Could China be secretly pumping up its gold reserves?
Officially, the People’s Bank of China hasn’t added any gold to its hoard since October 2016. But some analysts don’t think the Chinese have stopped accumulating gold. They think they’ve just gone silent.
There is certainly precedent for this.
In 2009, the People’s Bank of China stopped reporting its gold holdings. Then in June 2015, the Chinese central bank suddenly announced its gold hoard had grown by 57%. With that announcement, China leapfrogged Russia to become the fifth-largest holder of gold in the world.
For a little more than a year, the PBOC regularly announced additions to its gold reserves. Chinese gold holding rose another 185 tons over the next 16 months before it suddenly went silent again.
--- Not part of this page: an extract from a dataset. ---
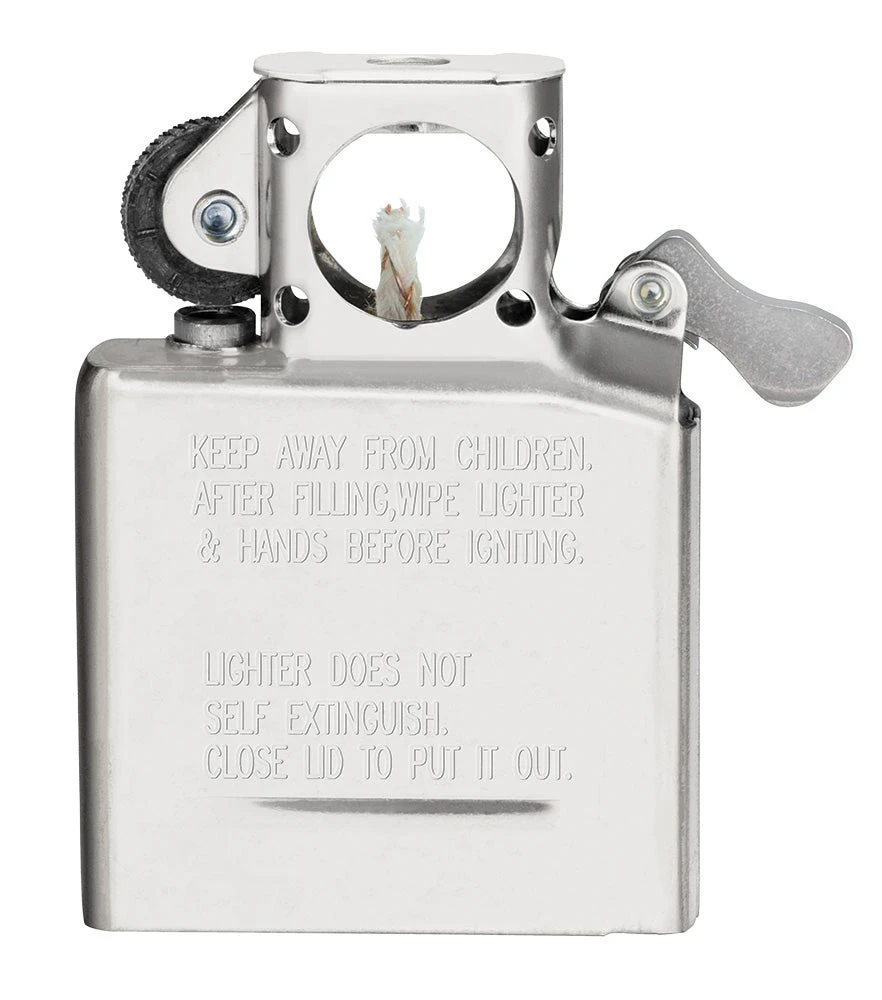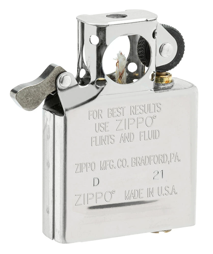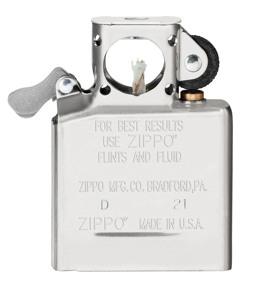- Genuine Zippo windproof lighter insert with the distinctive Zippo “click”.

Meanwhile, countries like Russia, Turkey and Kazakhstan continued to steadily increase their gold reserves. Kyrgyzstan and Mongolia have even gone on gold-buying sprees. Earlier this year, the Russians officially jumped back over China to become the fifth-largest gold hoarder in the world.
Gold offers countries some measure of independence from the US dollar. That means more political and economic independence and stability. Gold could even play a key role in a strategy to dethrone the greenback. Given the political dynamics and the escalating trade war, it seems unlikely the Chinese suddenly stopped increasing their gold reserves in 2016.
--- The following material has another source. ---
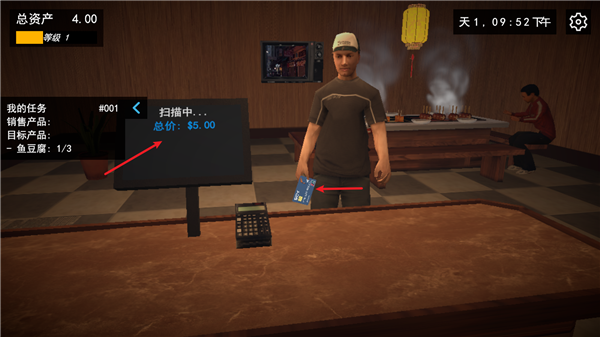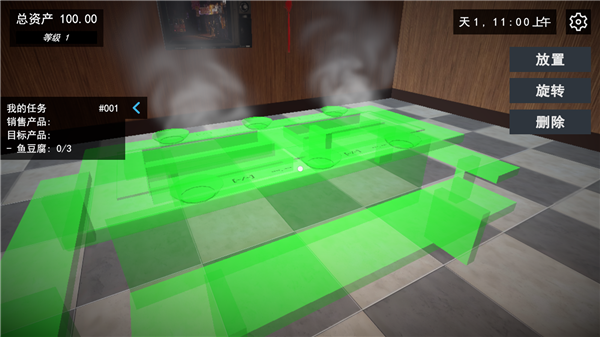 前期给了我们100初始资金,全部用来买当前已经解锁的菜品。普通桌子4个格子,买2箱鱼豆腐2箱香菇,刚好96元。然后前期是不用回家的,因为如果你正确的规划了资金,那么每日的收入正好让你在打烊之后开始布置餐厅。
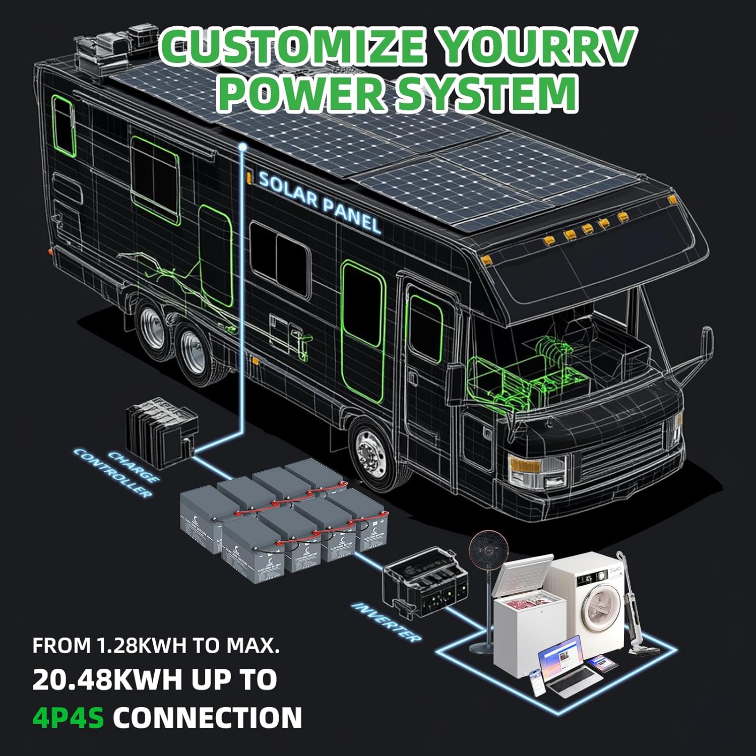 - 【Scalable Power for Demanding Systems】 Flexibly configure up to 4S (12V/12.8kWh) or unlimited parallel connections. Flat voltage curve maintains 95% capacity above 12.8V, providing 50% more runtime than lead-acid batteries. Ideal for high-drain applications up to 200A continuous discharge.

A recent article in Bloomberg speculates that PBOC is likely still adding gold to its stash. It’s just keeping quiet about it. As the article points out, “A potential trade war with the US that threatens growth, simmering tensions on the Korean peninsula and this year’s slump in gold prices are reasons to buy.”
Hong Kong-based Precious Metals Insights Ltd. managing director Philip Klapwijk told Bloomberg there are certainly incentives for the Chinese to increase gold holdings.
The strategic imperative is probably still there to add some gold to reserves quietly bit by bit. The reason to own gold as a portfolio diversification is even better given the rather strained relations with the US.”
A Dublin-based precious metals analyst told Bloomberg he’s pretty certain that at some point in the future, the PBOC will announce it has increased gold holdings significantly. The question is really just by how much.
When that might happen is anybody’s guess. Probably when the Chinese recognize some strategic advantage in doing so. China started announcing its gold holdings in 2015 as it pushed to have the yuan included in the International Monetary Fund’s special drawing rights (SDR) basket. That happened in October 2016, the month China stopped announcing increases in its gold reserves.
Some analysts believe the Chinese intentionally underreport their gold holdings even when they do make official announcements. As James Rickards pointed out on Mises Daily back in 2015, many people speculate that China keeps several thousand tons of gold “off the books” in a separate entity called the State Administration for Foreign Exchange (SAFE).
As we’ve been reporting over the last year, gold appears to be a big part of Russian and Chinese plans for economic independence by shifting away from dollar-based trade. Given that backdrop, it seems highly unlikely that the Chinese are not adding to their gold holdings. In fact, they are probably aggressively buying gold, despite what they are telling us.